Strange gig.....120 guests at a church reception....7pm
baked goods (fingerfood cookies/marshmallows), cheeses, drinks (coffee, soda no booze) They open the doors at 6:30 but want people to have a nibble prior to the talk. So essentially I'm setting up for a 30 minute gig. Should be interesting.

I'm alittle concerned about getting beverages out in a timely manner. I've got to prepour some.....thought about self pour but it'd just get bogged down.

Anyone else experience something like this? How did it go? I anticipate a total slam right at 7pm.

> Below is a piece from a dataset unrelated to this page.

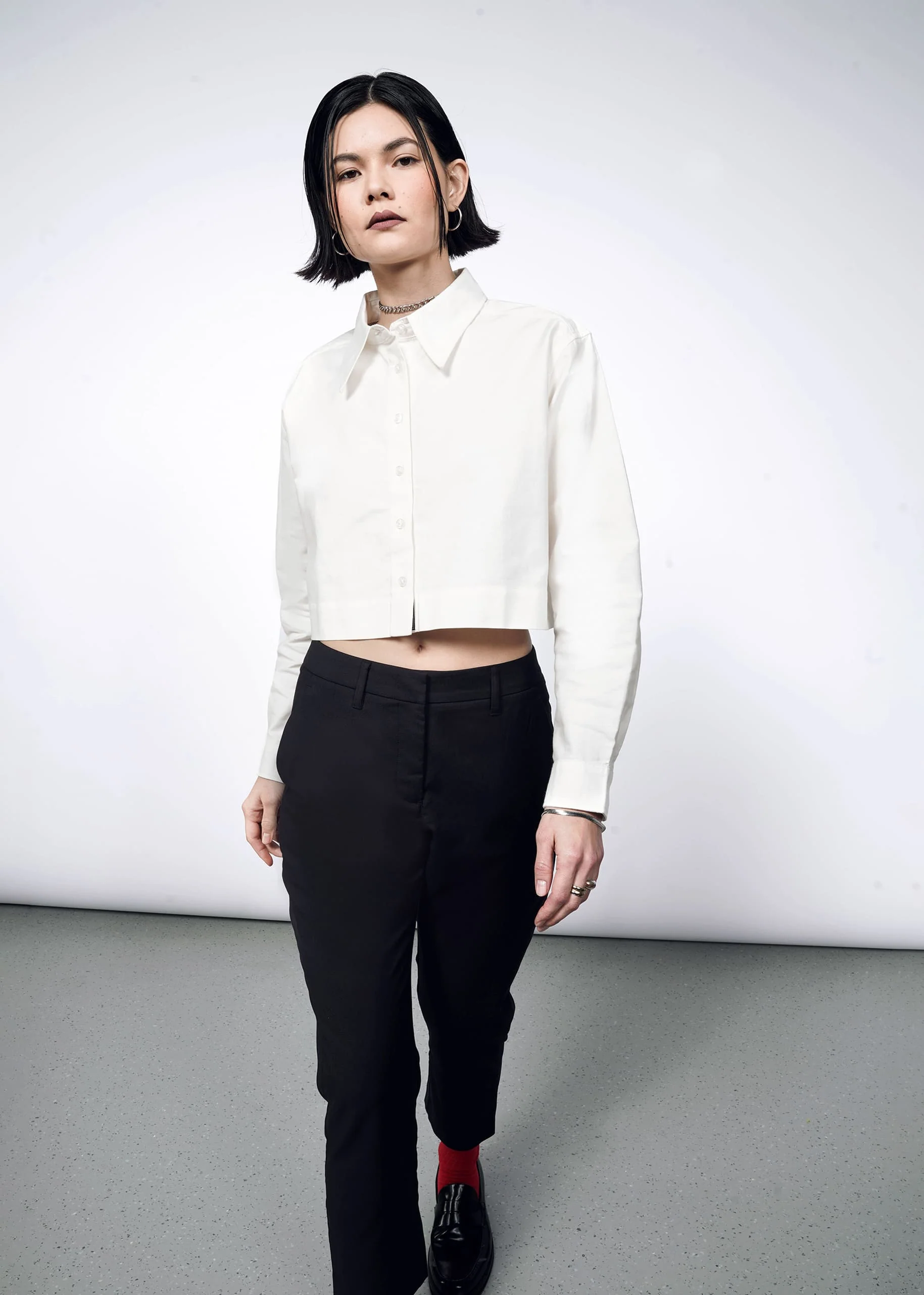 The crisp, classic oxford button up - now in a cropped silhouette. In a soft, breathable cotton, this button-up has an oversized fit and pairs well with a high waisted bottom, under our overalls, or layered under the Convertible Blazer for a cropped formal look.

I'm only bringing in two staff.....and have not done anything like this...every other reception has been for 1.5-2 hours +. Drinks were never an issue.


----------



## shroomgirl (Aug 11, 2000)

figured it out and thought I'd share.

Food was setup 6:15 for 7pm talk

Drink table had 6 carafe's of decaf, self serve.
pourred sodas with tags on the table.

Worked out exceptionally well.....we did get slammed right around 7 by 40ish guests walking in at the start but it was fine. The crowd was lite (80-90) with the Cardinals being in the playoffs.....always a delight to know you're at the mercy of STL sports....


----------